マツダが楽しそうなクルマをどんどん出してきている。人気のSUVカテゴリーではCX-30が多くのクルマ好きの関心を惹いたはずだ。
そんなマツダの日本市場として最大の関心事になっているのが「マツダ3」の存在だろう。
2019年4月13日発表、発売5月というのが現状では濃厚なスケジュールだがこのマツダ3で気になることがある。
かつてのアクセラ、もっとさかのぼればファミリアを祖先に持つマツダ3。立派に大きくなった車格、そして数字名の車名。
どんどん大きく立派になる、マツダの「出世魚」的な販売戦略は成功するのだろうか? 歴史と共に先読みします。
文:片岡英明/写真:マツダ
■ファミリアが築きあげてきたもの、そしてアテンザへ
これから1年後の2020年、マツダは創業から100周年の節目を迎える。
20世紀も21世紀も変わらないのは、走りの愉しさの追求と未知への挑戦だ。
だからロータリーエンジンの実用化に挑んだし、持続可能(サスティナブル)な未来の実現に向けて「SKYACTIV」テクノロジーにも取り組んだのである。
乗りたくなる歓びを、ずっと未来の社会にまで提供したいと考えているのがマツダだ。
すべての人に、走る歓びと優れた環境・安全性能を届けるためにクルマの基本となる技術のすべてをゼロから見直し、常識を覆す技術革新によって世界一を目指した。
第3世代のアクセラと言える「マツダ3」は人馬一体を実現するために、軽量かつ高剛性のプラットフォームを開発し、パワートレインも一新している。
理想の燃焼を追求したスカイアクティブXも加わる予定だ。また、命を与える魂動(こどう)デザインも、次のステップへと入っていく。
マツダの世界戦略車である「マツダ3」のルーツを辿っていくとアクセラになる。
が、その先祖は長年にわたってマツダの屋台骨を支えてきた「ファミリア」だ。
軽乗用車のマツダR360クーペとキャロルによって4輪の乗用車市場に足場を築いたマツダは、1963年秋に初めての小型車を発表している。
これがファミリアで、第1弾は商用車のファミリア800ライトバンだった。
その1年後に満を持して2ドアセダンを投入する。エンジンはキャロル600に積んでいた直列4気筒OHVをスケールアップした782ccのSA型だ。
小型車市場で足場を固めた初代ファミリアは1Lエンジンを積むファミリア1000を加え、67年の暮れには第2世代にバトンタッチした。

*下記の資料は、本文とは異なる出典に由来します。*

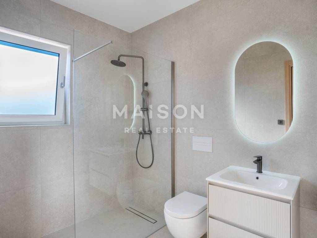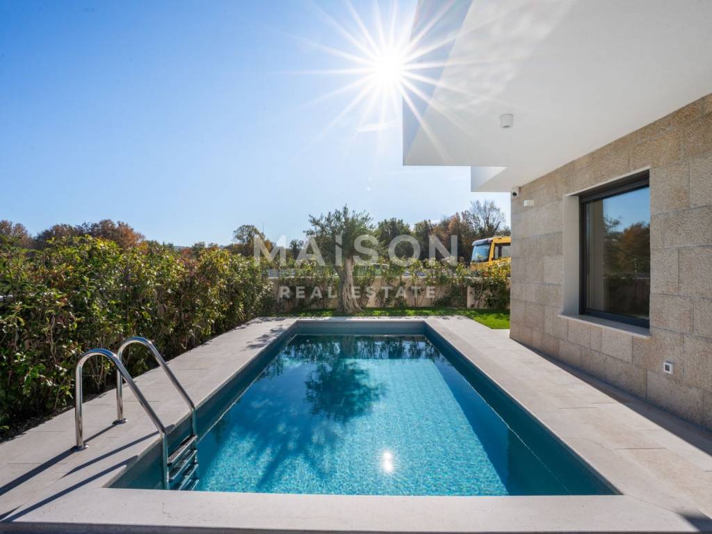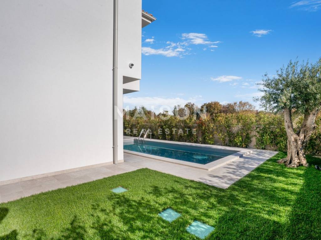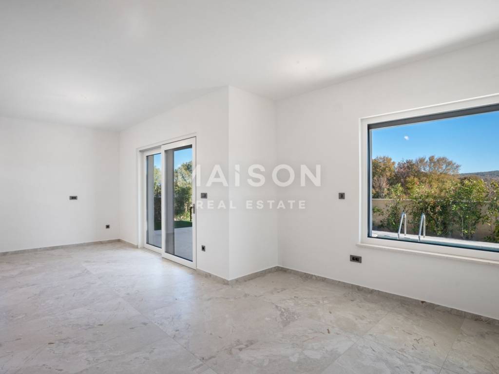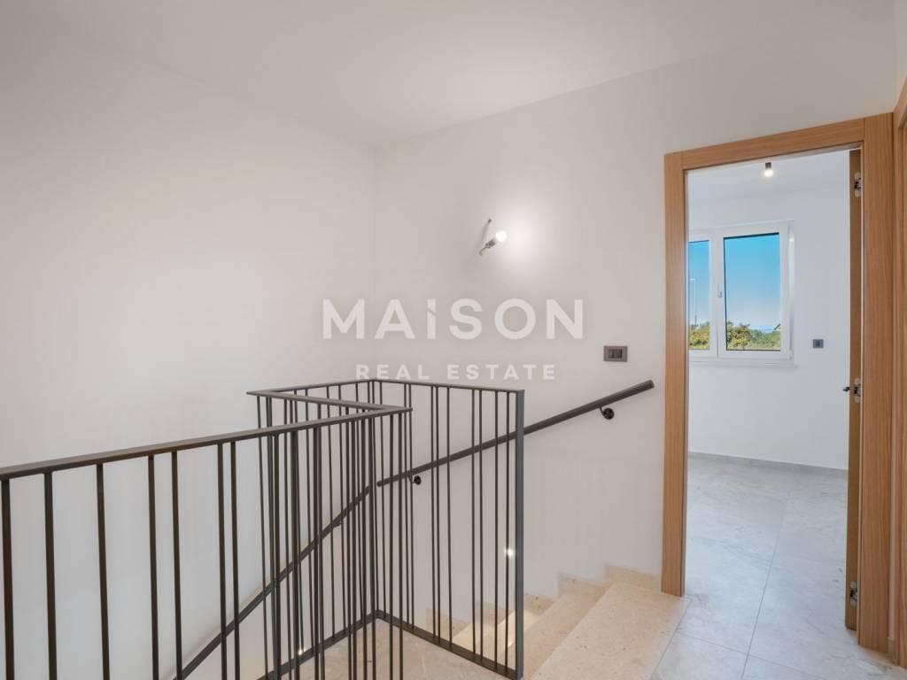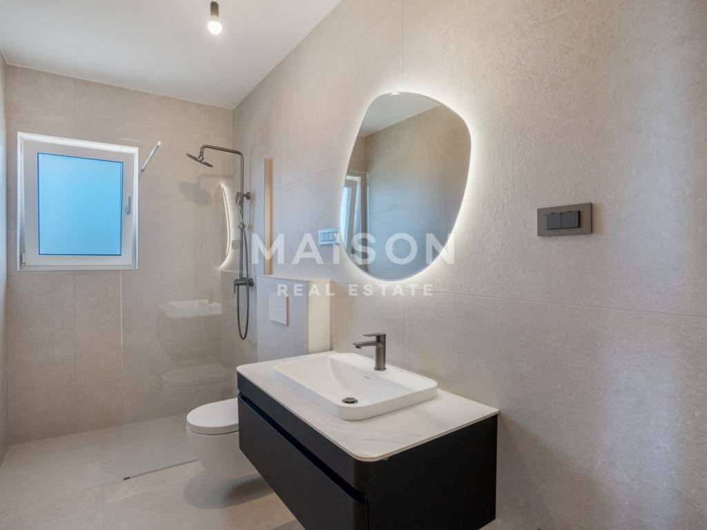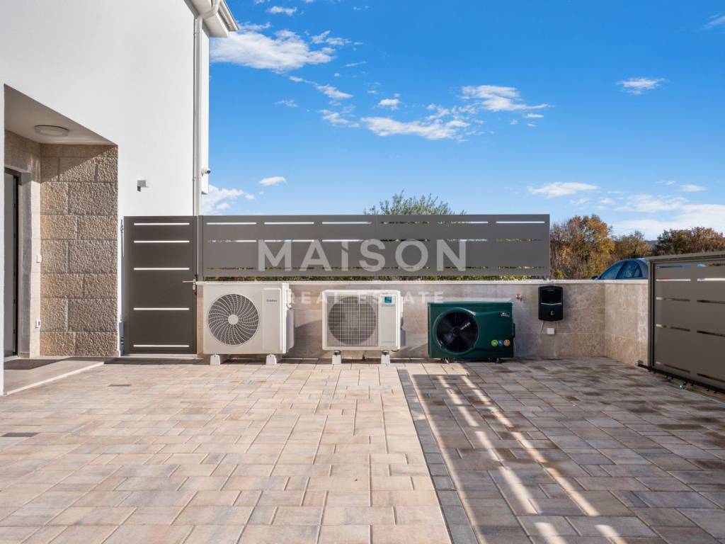 Kuća se prostire na dvije etaže i sastoji se od ukupno tri spavaće sobe, dvije kupaonice i dodatnog toaleta, kao i prostranog dnevnog boravka. U uređenoj okućnici nalazi se bazen s elektrolizom i dizalicom topline, a cijeli prostor odiše mediteranskim ugođajem – zahvaljujući kamenim ogradnim zidovima, kamenim detaljima na fasadi i pažljivo osmišljenoj hortikulturi s autohtonim biljem, futinijama i stoljetnim maslinama starim čak 300 godina. Nekretnina je opremljena vrhunskim sustavom podnog grijanja na vodu s dizalicom topline renomirane marke Vaillant, dok je za hlađenje ugrađena inverter klimatizacija Toshiba. Korištena je kvalitetna PVC stolarija s troslojnim staklima, a rolete su na električno upravljanje. Također je predviđena priprema za video nadzor i alarmni sustav, što dodatno doprinosi osjećaju sigurnosti i udobnosti.

この2代目ではレシプロエンジンに加え、ロータリーエンジン搭載車も送り出している。
そして1980年6月に登場した5代目は、駆動方式を後輪駆動のFRから時代が要求する前輪駆動のFFに変え、ボディタイプもカジュアル感覚の3ドアハッチバックを主役の座に据えた。
電動サンルーフを装備した3ドアXGは若者を中心に大ヒット。わずか18カ月で50万台の生産を達成するのである。
また、ヨーロッパを中心に海外でも好調な販売を記録した。ちなみに海外ではマツダ323を名乗っている。
これに続く6代目はDOHCターボやフルタイム4WDを設定し、走りのよさをアピールした。
が、90年代になるとハッチバック離れが進み、神通力を失っている。
マツダもバブル期の積極策が裏目に出て経営が悪化したから7代目から迷走。フォードの意向が強まったこともあり、マツダは駄作を連発した。
21世紀になった2003年秋、ファミリアは第一線を退き、名前を途絶えさせている。